● **Task to carry out**:
Your task is to copy the stretch of lines in the records below that begins with the line containing "Luxor’s Monthly Lookback" and ends with the line containing "Obleček se skládá", exactly as written, with nothing added.

● **Data under study**:
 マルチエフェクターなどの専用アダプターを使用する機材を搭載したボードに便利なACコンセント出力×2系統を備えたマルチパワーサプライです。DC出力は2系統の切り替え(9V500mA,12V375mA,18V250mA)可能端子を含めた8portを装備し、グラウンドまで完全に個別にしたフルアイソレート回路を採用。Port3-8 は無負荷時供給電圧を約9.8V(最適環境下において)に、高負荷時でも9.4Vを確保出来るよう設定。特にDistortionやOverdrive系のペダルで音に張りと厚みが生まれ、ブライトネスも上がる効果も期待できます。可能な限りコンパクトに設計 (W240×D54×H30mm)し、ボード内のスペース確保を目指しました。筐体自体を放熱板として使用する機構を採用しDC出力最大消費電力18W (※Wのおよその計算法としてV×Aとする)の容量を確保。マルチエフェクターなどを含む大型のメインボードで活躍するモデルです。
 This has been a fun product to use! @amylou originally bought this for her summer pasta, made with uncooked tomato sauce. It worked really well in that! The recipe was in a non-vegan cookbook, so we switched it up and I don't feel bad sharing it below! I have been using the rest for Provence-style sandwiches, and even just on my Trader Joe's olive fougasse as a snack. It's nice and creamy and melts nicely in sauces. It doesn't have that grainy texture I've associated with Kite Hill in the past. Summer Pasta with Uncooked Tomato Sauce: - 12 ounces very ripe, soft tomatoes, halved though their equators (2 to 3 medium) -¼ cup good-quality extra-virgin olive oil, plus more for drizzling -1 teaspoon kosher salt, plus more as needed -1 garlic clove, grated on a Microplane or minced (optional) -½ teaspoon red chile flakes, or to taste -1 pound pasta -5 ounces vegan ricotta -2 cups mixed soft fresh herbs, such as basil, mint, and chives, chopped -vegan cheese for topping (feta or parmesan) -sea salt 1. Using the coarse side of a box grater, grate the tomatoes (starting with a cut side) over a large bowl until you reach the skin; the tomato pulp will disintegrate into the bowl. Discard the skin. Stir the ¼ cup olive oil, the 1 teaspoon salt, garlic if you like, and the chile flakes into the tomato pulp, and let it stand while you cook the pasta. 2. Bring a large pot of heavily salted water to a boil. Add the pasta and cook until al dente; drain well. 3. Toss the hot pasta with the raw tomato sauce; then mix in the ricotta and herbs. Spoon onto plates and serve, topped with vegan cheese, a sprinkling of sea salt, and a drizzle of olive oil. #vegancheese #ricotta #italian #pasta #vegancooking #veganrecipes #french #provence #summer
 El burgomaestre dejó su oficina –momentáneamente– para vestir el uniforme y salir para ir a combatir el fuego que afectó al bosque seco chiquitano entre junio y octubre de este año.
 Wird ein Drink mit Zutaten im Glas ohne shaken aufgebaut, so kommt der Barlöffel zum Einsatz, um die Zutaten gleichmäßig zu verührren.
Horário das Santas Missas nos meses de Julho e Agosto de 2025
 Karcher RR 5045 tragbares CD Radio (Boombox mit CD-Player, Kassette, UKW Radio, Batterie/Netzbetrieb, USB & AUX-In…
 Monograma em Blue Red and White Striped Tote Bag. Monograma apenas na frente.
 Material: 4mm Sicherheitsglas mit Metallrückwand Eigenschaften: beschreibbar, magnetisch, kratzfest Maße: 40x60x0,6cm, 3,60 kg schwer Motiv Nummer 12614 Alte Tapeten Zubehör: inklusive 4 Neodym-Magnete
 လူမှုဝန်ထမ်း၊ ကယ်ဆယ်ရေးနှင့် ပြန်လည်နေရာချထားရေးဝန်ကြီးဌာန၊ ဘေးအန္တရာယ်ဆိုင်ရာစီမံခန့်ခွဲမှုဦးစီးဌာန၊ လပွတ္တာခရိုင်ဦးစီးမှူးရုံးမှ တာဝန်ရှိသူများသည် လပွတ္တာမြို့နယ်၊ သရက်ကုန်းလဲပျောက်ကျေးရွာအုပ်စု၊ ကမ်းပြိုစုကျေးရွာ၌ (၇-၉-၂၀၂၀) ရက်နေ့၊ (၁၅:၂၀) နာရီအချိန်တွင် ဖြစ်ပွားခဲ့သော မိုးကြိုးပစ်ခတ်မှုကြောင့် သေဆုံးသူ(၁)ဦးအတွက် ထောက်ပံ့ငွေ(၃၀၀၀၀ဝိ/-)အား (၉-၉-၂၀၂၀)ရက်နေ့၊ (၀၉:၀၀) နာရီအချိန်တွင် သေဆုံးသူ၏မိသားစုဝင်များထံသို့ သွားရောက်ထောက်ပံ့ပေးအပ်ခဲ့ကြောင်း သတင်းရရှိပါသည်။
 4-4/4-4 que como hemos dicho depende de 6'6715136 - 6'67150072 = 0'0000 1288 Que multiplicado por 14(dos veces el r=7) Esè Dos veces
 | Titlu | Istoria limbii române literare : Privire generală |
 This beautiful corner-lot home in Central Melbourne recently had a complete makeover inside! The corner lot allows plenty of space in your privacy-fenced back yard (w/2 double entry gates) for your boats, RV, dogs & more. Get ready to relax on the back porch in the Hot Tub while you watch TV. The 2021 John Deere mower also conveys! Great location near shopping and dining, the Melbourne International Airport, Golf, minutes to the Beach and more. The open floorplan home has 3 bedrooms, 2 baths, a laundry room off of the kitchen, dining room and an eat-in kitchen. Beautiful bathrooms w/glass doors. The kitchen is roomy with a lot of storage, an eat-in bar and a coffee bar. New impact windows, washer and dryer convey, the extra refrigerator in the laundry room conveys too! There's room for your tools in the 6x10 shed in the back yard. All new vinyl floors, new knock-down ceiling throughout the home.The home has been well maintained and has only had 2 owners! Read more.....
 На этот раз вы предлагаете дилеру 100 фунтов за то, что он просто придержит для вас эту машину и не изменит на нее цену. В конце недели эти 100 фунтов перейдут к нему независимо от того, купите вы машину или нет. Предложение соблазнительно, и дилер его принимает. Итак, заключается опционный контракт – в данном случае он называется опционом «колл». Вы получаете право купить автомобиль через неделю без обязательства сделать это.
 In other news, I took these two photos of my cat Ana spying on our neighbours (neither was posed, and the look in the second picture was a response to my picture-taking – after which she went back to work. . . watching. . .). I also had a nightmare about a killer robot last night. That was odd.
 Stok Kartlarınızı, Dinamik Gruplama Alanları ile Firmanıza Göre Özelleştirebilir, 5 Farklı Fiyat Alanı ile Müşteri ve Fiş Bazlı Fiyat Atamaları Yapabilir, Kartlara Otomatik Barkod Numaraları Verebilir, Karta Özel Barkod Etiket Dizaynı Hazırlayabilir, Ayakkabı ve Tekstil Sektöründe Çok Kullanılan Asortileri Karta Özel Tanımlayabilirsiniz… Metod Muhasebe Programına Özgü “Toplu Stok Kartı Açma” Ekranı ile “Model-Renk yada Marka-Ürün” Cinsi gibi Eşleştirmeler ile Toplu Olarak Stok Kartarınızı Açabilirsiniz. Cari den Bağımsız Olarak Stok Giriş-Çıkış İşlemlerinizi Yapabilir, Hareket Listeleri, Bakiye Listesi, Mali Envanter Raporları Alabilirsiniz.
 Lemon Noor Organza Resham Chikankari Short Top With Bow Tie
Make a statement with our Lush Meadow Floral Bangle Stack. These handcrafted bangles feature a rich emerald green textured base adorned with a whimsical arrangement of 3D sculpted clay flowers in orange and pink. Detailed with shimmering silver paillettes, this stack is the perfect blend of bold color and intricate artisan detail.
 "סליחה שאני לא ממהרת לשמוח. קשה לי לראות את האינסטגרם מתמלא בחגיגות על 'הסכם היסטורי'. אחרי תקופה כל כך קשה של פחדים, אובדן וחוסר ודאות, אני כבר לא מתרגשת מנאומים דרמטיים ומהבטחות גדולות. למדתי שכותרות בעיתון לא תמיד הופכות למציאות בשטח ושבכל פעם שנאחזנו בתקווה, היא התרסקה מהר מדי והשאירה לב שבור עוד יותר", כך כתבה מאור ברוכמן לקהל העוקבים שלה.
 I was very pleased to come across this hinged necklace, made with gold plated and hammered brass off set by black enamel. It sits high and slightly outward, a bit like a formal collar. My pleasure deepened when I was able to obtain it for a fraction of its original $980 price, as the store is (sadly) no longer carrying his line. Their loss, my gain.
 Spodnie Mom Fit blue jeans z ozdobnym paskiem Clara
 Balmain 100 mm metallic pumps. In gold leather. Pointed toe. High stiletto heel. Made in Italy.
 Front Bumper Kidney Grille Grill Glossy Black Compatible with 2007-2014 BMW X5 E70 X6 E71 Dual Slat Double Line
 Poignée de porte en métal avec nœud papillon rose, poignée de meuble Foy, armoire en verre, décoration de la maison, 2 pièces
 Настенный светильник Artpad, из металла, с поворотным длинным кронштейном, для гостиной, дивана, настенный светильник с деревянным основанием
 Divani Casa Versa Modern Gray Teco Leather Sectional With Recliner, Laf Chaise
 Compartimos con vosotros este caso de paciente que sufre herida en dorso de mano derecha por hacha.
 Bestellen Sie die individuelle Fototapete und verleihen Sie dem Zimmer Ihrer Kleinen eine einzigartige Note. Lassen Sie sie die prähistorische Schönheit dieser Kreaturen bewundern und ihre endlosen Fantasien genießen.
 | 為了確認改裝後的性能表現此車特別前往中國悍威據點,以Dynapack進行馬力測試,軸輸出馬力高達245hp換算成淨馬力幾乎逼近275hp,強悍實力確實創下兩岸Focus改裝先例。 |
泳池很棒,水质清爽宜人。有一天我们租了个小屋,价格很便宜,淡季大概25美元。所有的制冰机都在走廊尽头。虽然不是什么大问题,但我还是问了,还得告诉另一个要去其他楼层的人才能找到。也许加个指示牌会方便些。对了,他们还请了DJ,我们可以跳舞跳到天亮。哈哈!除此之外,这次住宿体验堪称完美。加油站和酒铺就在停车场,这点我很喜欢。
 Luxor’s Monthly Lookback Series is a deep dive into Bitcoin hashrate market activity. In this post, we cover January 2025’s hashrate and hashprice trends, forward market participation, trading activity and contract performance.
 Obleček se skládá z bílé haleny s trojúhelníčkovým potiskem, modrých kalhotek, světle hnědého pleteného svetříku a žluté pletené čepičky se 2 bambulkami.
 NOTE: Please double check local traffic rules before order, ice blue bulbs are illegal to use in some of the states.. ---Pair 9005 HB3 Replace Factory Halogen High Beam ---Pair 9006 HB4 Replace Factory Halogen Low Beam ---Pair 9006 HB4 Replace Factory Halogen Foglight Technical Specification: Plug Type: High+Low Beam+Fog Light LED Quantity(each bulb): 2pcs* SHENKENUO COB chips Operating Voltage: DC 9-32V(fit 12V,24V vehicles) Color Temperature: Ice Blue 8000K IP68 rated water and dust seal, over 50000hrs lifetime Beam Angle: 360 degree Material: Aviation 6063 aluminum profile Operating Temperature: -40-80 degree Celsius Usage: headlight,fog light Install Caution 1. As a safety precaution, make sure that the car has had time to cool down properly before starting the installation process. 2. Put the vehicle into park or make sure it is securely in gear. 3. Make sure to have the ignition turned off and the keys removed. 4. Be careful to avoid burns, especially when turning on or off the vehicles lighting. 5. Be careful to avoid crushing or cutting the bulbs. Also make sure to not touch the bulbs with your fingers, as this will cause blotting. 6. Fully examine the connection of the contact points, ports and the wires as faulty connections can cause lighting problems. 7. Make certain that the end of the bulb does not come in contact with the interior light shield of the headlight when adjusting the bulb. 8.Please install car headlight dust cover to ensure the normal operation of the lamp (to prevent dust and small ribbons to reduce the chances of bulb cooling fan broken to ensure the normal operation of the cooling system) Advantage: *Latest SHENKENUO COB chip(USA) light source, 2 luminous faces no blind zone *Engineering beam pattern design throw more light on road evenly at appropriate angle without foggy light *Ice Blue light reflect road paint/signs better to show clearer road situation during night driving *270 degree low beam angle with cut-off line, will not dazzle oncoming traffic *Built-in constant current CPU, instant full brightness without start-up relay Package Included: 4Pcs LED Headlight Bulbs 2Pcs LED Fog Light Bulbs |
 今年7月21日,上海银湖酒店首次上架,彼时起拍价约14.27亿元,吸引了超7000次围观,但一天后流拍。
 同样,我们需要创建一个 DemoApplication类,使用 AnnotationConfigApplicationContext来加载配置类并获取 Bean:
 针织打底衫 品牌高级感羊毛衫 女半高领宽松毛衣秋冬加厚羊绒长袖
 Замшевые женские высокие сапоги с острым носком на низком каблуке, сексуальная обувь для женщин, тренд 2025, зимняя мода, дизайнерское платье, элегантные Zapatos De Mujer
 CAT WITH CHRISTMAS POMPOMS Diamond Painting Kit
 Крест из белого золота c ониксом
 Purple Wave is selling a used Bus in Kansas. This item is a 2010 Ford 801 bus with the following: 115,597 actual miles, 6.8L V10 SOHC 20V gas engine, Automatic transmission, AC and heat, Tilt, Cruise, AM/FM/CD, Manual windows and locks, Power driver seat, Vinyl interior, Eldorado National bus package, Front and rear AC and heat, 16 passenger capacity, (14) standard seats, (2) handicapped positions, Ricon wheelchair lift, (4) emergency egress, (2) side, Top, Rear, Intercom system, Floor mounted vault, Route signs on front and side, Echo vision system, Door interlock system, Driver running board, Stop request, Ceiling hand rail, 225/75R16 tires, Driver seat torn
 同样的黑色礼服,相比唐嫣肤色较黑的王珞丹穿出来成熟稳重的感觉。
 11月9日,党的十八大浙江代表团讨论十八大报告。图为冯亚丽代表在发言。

● **Written response**:
 Luxor’s Monthly Lookback Series is a deep dive into Bitcoin hashrate market activity. In this post, we cover January 2025’s hashrate and hashprice trends, forward market participation, trading activity and contract performance.
 Obleček se skládá z bílé haleny s trojúhelníčkovým potiskem, modrých kalhotek, světle hnědého pleteného svetříku a žluté pletené čepičky se 2 bambulkami.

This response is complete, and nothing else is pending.